“We don’t stop playing because we grow old. We grow old because we stop playing.”
George Bernard Shaw
As kids, we were magnificent at having a good time. Somewhere along the way, we put the brakes on.
The trouble is, most of us put fun at the bottom of the list. We hold it off until the work is done or the to-dos are cleared, which they never are.
And when we do show up, we're often performing it rather than feeling it – thinking about how it will look on Instagram, whether it proves we're interesting, living our best life. We're not just at the birthday dinner, we're filming it. The unscripted, organic bit where fun actually happens gets squeezed out.
Real fun isn't curated or performed, but felt. A bit of silliness, surprise or spontaneity – and your energy shifts, your creativity follows, and the version of you that feels wide open to life comes back. We've forgotten that purposeless pleasure is the point.

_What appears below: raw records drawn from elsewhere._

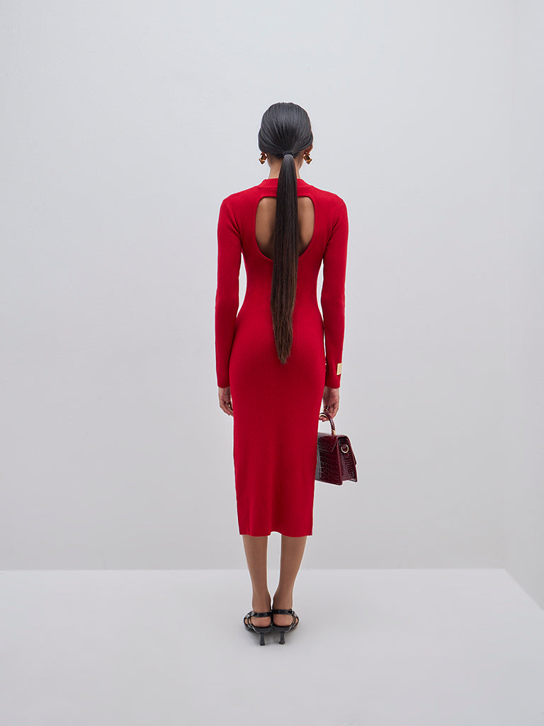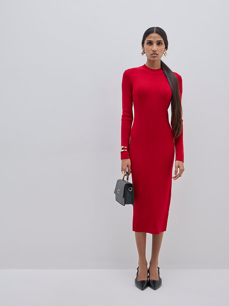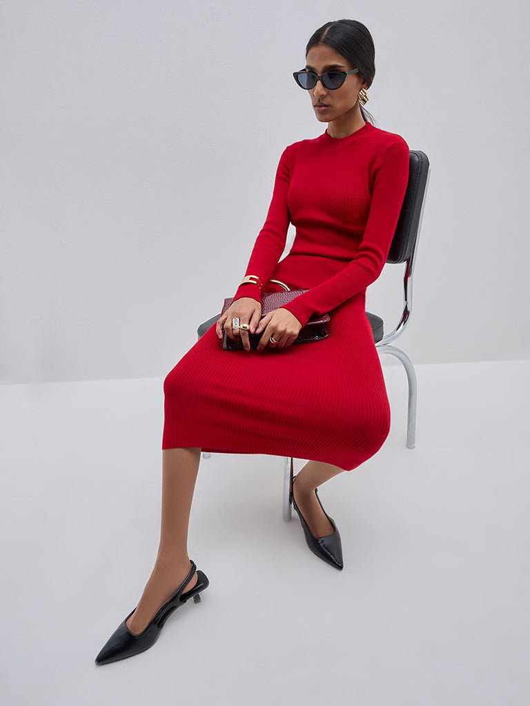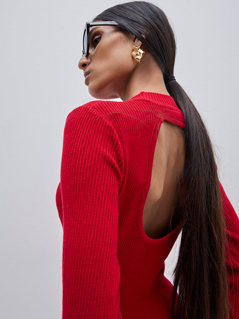 This red dress by Wardrobe is crafted with ribbed dress and a sassy cut-out design at the back. Craved in a bodycon silhouette. the garment comforts with its soft and breathable fabric build. The high-neck and full sleeves complete this dress.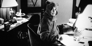 susan sontag'ın fotoğrafı. başkası görse çalışma moduna girebilmek için yaptığım bir absürdlük olduğunu sanabileceği aklıma gelmeden, ofiste üşüdüğüm için avukat cübbesi giyip çalıştığım, patronun odaya girip o halimi görünce kilitlendiği akşamı hatırlattı. önünden arkasından soyutlanmakla absürd, kitsch, etrafıyla uyumsuz, saçma hale gelen imgelere karşı boş değilim. ![]() | ||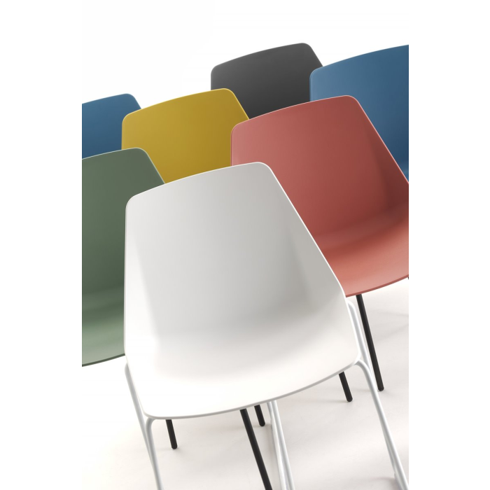 Plastová stolička lastúrového tvaru, oceľová konštrukcia.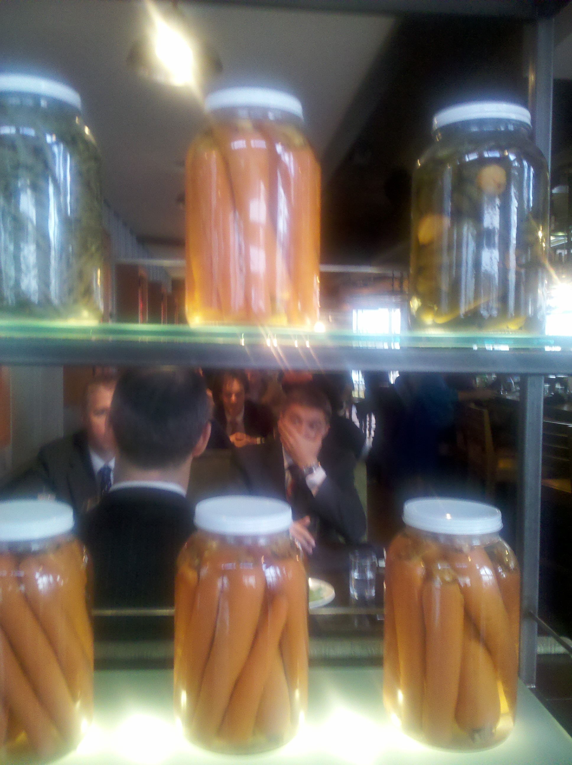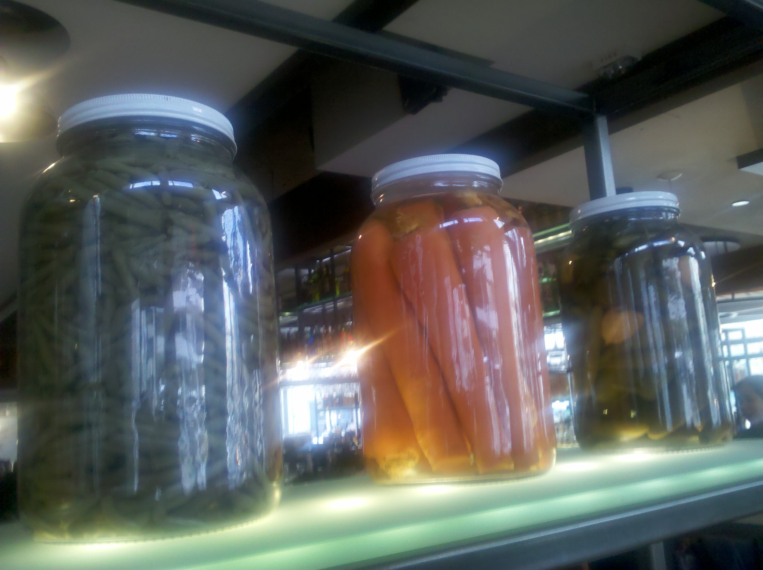 Corporate guys in suits that is, lunching behind giant canned jars of carrots and other goodies, is what you see as you walk in the door. (That, and hungry diners waiting for tables, a sure sign it must be good.) In Idaho hardly anyone ever wears a suit, and these guys seemed so far removed from farms that it made me smile. Are they concerned with supporting farmers, or is the food just really good? Also I’ve never heard of canning carrots, will have to try that some time, and I’m not sure whether the restaurant will be serving these up at some point, or if they’re just for decoration.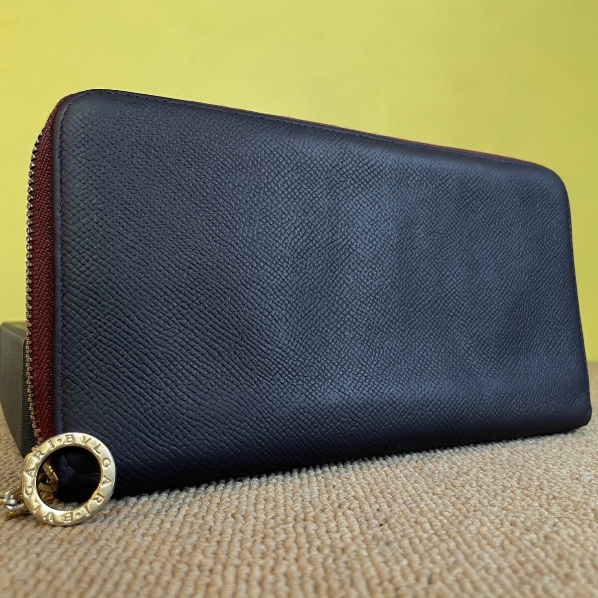 一円 美品 BVLGARI ブルガリ 長財布 ラウンドファスナー ビーゼロ ロングウォレット ブラック サークルロゴ ビーゼロワン ネイビー

Are you taking fun seriously?
G O I N G D E E P E R
Psychology
Embodied joy is pleasure you feel in your body, not just your mind. Physical play – like movement and dance – fire up your nervous system in ways that screens and passive entertainment can’t come close to.
Inside the body
Micro-dopamine loops are the quick hits we get from scrolling, notifications and likes. They mimic play for a second, but never give you what real fun does – that full-body reset where everything wakes up again.
Did you know?
Laughter triggers the same neural reward pathways as drugs – a belly laugh releases endorphins, the body's natural painkillers, and temporarily raises your pain threshold.
At work
Fun isn’t just a perk or a nice-to-have; it builds affective trust - the sense that the people around you are warm, human and on your side. A playful moment or sharing a laugh makes teams more at ease with each other - which unlocks better work.